Wie die Stadtverwaltung Potsdam am Donnerstag mitteilte, hatten Archäologen der Unteren Denkmalschutzbehörde bei der Kontrolle einer Baustelle in der Tschudistraße die ersten Funde entdeckten. Daraufhin beauftragte die Wohnpark Immobiliengesellschaft mbHCo.KG als Grundstückseigentümerin ein Team der Archäologie Manufaktur GmbH unter der Leitung von Jonas Beran mit den notwendigen Untersuchungen.

Die durch einen Kanaldurchstich 1904 zur Insel gewordene frühere Landzunge zwischen Weißem See, Jungfernsee und Lehnitzsee war wohl schon vor Jahrtausenden ein attraktiver Platz zum Wohnen. Denn allein auf der Baustelle in der Tschudistraße, auf der Wohnhäuser und eine Tiefgarage entstehen, sind inzwischen etwa 350 archäologische Befunde freigelegt und dokumentiert worden. Sie zeugen von einer intensiven Nutzung des Grundstückes in verschiedenen ur- und frühgeschichtlichen Zeitperioden.

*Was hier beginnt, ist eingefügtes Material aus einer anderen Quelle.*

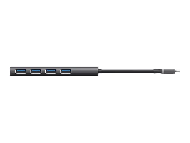 Der elegante Aluminium-USB-Hub erweitert Ihren Computer mit USB-C-Anschluss um 4 zusätzliche USB-A-Anschlüsse mit einer Geschwindigkeit von 5 Gbit/s.
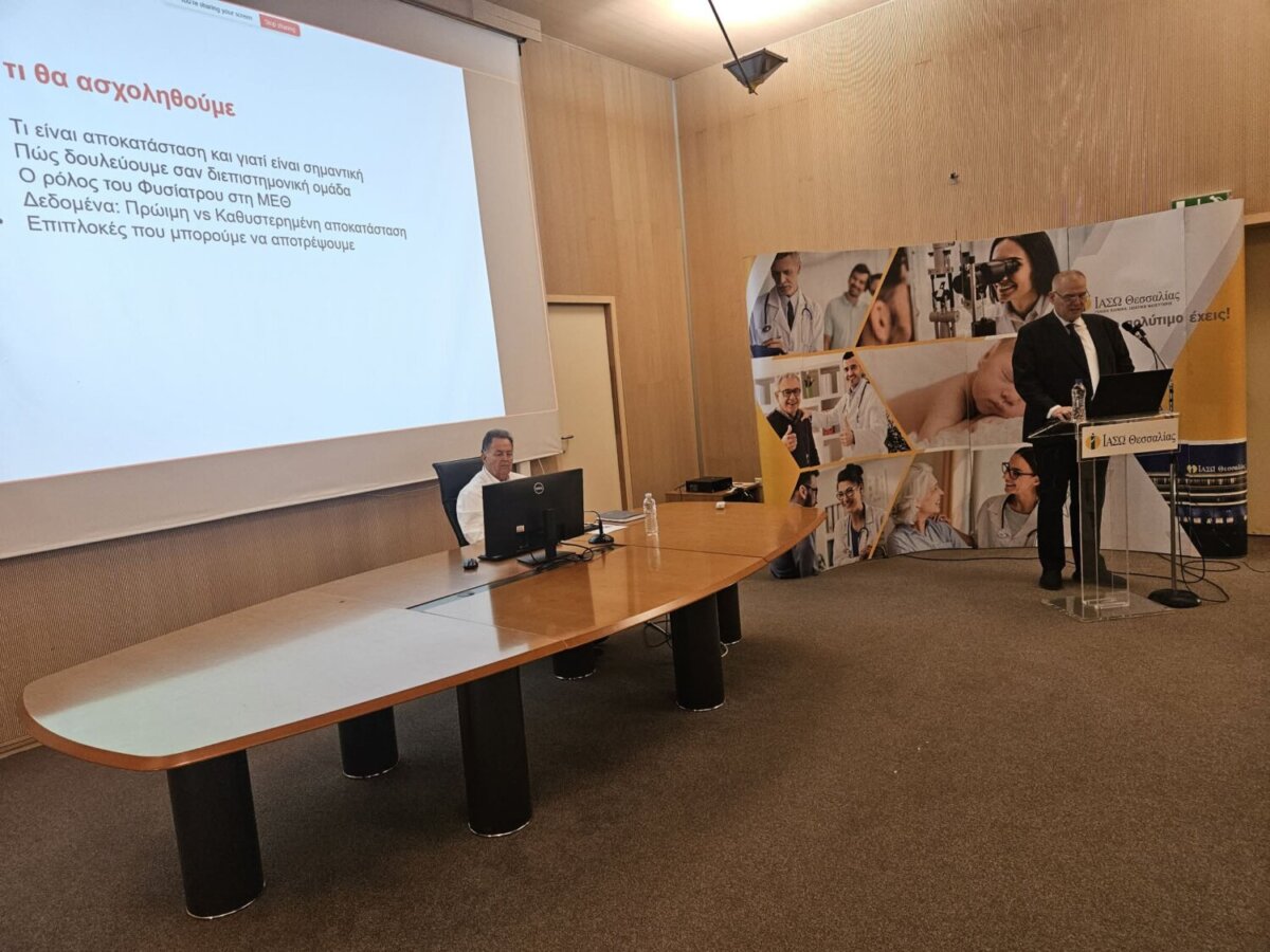 Με επίκεντρο τις σύγχρονες επιστημονικές εξελίξεις πραγματοποιήθηκε επιστημονική διάλεξη στο πλαίσιο του ετήσιου κύκλου «Επιστημονικές Διαλέξεις 2025–2026» του ΙΑΣΩ Θεσσαλίας, με θέμα «Αποκατάσταση βαρέως πασχόντων», αναδεικνύοντας τον κρίσιμο ρόλο της πρώιμης και οργανωμένης ιατρικής αποκατάστασης στη Μονάδα Εντατικής Θεραπείας.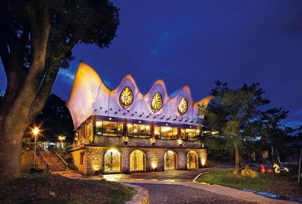 園區內還有一棟非常有異國風情的波浪造型建築物-「真滿意餐廳」,是魚池鄉的老字號餐廳,房客的晚餐、早餐都在這裡用餐~

Zu den besonderen Funden zählt ein fast 4000 Jahre alter Feuersteindolch der Aunjetitzer Kultur der frühen Bronzezeit, der in einer Siedlungsgrube zurückgelassen worden war. Feuersteingeräte und Scherben belegen jedoch noch ältere Siedlungsperioden in der jungsteinzeitlichen Trichterbecherkultur etwa im 3. Viertel des 4. Jahrtausends vor Christus und in der späten Jungsteinzeit um 2500 vor Christus. Ein Grubenhaus ist wahrscheinlich Teil eines germanischen Gehöftes aus dem 1./2. Jahrhundert nach Christus und steht vielleicht mit der über fünf Jahrhunderte existierenden germanischen Siedlung in weniger als 500 Meter Entfernung in Verbindung, die 2012 bis 2014 am Campus Jungfernsee untersucht wurde.

Die zahlreichen Ausgrabungen in Potsdam in den vergangenen 20 Jahren haben gezeigt, dass vor allem entlang der Havelufer noch mit Überraschungen und vielen neuen Erkenntnissen zu rechnen ist.